-- Opening Marker --

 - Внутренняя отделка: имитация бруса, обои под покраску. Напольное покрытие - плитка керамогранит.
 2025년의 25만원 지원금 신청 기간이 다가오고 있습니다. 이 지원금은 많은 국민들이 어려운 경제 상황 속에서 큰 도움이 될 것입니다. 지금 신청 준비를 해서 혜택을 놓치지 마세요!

-- Closing Marker --
-- Opening Marker --

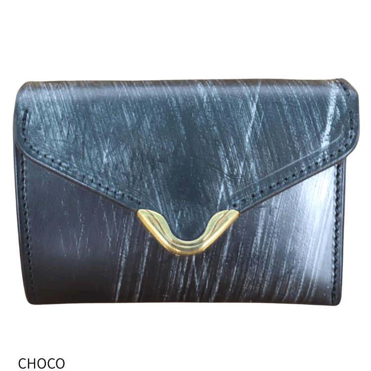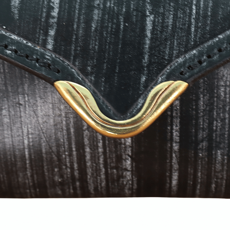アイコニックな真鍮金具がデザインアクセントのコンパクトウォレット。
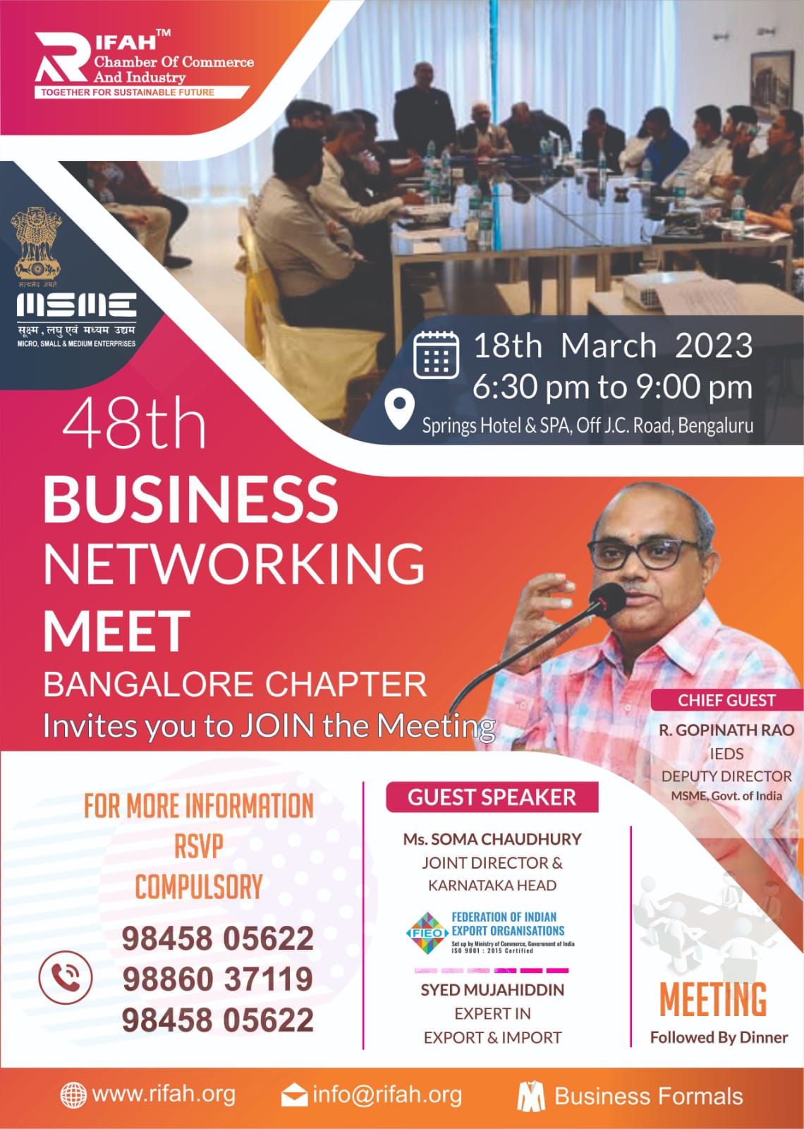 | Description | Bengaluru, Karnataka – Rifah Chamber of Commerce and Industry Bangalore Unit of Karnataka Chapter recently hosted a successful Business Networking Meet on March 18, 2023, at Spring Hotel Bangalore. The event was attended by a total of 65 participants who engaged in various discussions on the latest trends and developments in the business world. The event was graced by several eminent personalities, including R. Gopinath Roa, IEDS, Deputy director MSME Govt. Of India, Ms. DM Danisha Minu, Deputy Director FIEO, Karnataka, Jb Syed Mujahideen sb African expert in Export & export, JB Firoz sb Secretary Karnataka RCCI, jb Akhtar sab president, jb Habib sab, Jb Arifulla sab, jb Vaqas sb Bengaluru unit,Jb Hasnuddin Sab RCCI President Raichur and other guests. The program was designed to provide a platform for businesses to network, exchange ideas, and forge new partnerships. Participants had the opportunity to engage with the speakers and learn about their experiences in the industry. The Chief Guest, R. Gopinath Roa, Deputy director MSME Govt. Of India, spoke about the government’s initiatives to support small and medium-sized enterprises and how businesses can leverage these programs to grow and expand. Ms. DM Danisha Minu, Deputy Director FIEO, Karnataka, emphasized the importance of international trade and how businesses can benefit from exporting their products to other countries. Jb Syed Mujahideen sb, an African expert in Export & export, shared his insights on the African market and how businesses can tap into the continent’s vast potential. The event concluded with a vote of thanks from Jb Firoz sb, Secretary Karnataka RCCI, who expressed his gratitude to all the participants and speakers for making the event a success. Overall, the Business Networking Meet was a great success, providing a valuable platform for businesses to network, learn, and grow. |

-- Closing Marker --

_About this task_. Using the entries above, give back exactly the line containing "- Внутренняя отделка: имитация", the line containing "2025년의 25만원 지원금", and every line between them, and nothing else.

_Answer to the problem_.
 - Внутренняя отделка: имитация бруса, обои под покраску. Напольное покрытие - плитка керамогранит.
 2025년의 25만원 지원금 신청 기간이 다가오고 있습니다. 이 지원금은 많은 국민들이 어려운 경제 상황 속에서 큰 도움이 될 것입니다. 지금 신청 준비를 해서 혜택을 놓치지 마세요!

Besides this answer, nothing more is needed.